Many of the genetic sequences the probes correspond to have been relatively stable throughout the 140-million-year history of flowering plants. These DNA strands accumulate mutations at a glacial pace and are thus useful in constructing the main branches of the angiosperm tree of life.
Other sequences mutate at a much faster clip, to the extent that no two are alike in any given species. And while most of the probes correspond to DNA actively used by cells to create proteins, they also adhere to small portions of DNA that flank either end of a protein-coding strand, regions emblematically referred to as 'the splash zone.'
These flanking regions don't actively code for proteins; in fact, scientists are still unsure exactly what they do. What they do know is this non-coding DNA mutates quickly, similar to the types of genes used for forensic testing in crime labs. In plants, they can be used to illuminate close relationships among closely related species or to reveal patterns of genetic diversity among individuals, filling in the small twigs and leaves on the tree of life and providing an important roadmap for conservation efforts.
Past, Present, and Future
Sequence capture also has an important advantage over previous techniques in that it can be reliably used to retrieve old DNA. This feature is extremely important in a field where some estimates suggest the majority of the 70,000 or so plant species yet to be discovered have already been collected and stored in herbaria. Some species, such as Miconia abscondita, were only discovered through genetic analysis of herbarium tissue after they'd gone extinct in the wild. And analyses of plant communities from ages past have been used in multiple cases to study how plants are responding to climate change.
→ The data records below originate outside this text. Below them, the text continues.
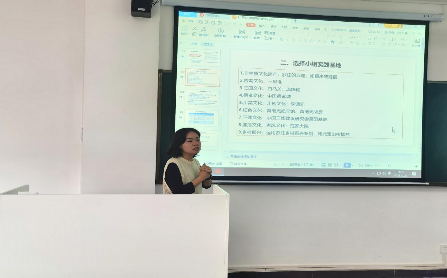 叶璇以“如何开展实践教学”为主题作了交流分享。她指出,教学的主要任务之一是要做到理论联系实际,让教学成果服务于社会。她以《马克思主义基本原理》课程为例,讲解了该课程开展实践教学的主要方式,包括实践基地多元化、实践成果呈现形式的多样化等,并介绍了小组课堂展示的过程与考核,以此来实现思政课理论教学与实践教学的统一。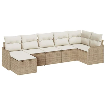 Garden Sofa Set with Cushion 7 pcs Beige Poly rattan Vidaxl
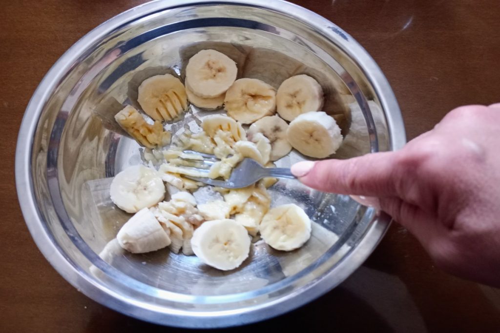 • Wir schneiden die Banane in Scheiben und zerdrücken sie gut mit einer Gabel.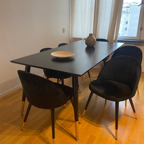 Säljer matbord med 8 stolar.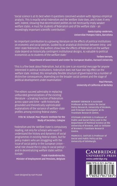 'Social science is at its best when it questions conceived wisdom with rigorous empirical analysis. This is exactly what Federalism and the Welfare State does, and it does it very well, indeed, showing that decentralized polities do not necessarily imply weaker welfare states. Written by some of the World's leading authorities, this book is a must for students of federalism and of the welfare state - an exceedingly important scientific contribution.' Goesta Esping-Andersen, Universitat Pompeu Fabra, Barcelona
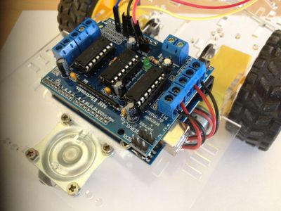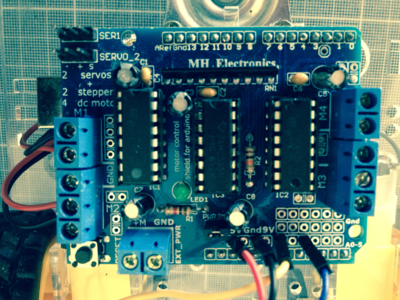 Vous remarquerez que j’ai protégé l’arduino avec amour par un petit tapis de mousse alvéolé :) Pour le câblage des moteurs, j’ai laissé le hasard œuvrer. Une éventuelle inversion de la polarité dans les branchements peut-être résolue dans la partie programmation du projet. Il y a deux petites soudures à faire sur chaque moteur, un fil rouge et un fil noir. Je conseille d’étamer l’extrémité de tous les câbles avant de souder ou de visser dans les connecteurs du shield.

The studies in these issues offer a glimpse into the future of plant phylogenetics, one in which researchers can obtain immense quantities of data in a fraction of the time it would have taken them just 20 years ago. For Baker, who will be publishing Angiosperms353 data for over 7,000 flowering plant genera later this year, that future looks bright. In concert with the Royal Botanic Gardens, Kew, he and several colleagues have been using the new probe set to construct the plant tree of life through the PAFTOL project. He's also helped launch a free repository called the Kew Tree of Life Explorer to store and distribute the growing amounts of genetic data from researchers around the world who are using the probes.
"The standardization of these targeted genes will pay dividends for decades to come, as we inch towards our collective goal of a complete tree of life for all species," Baker said.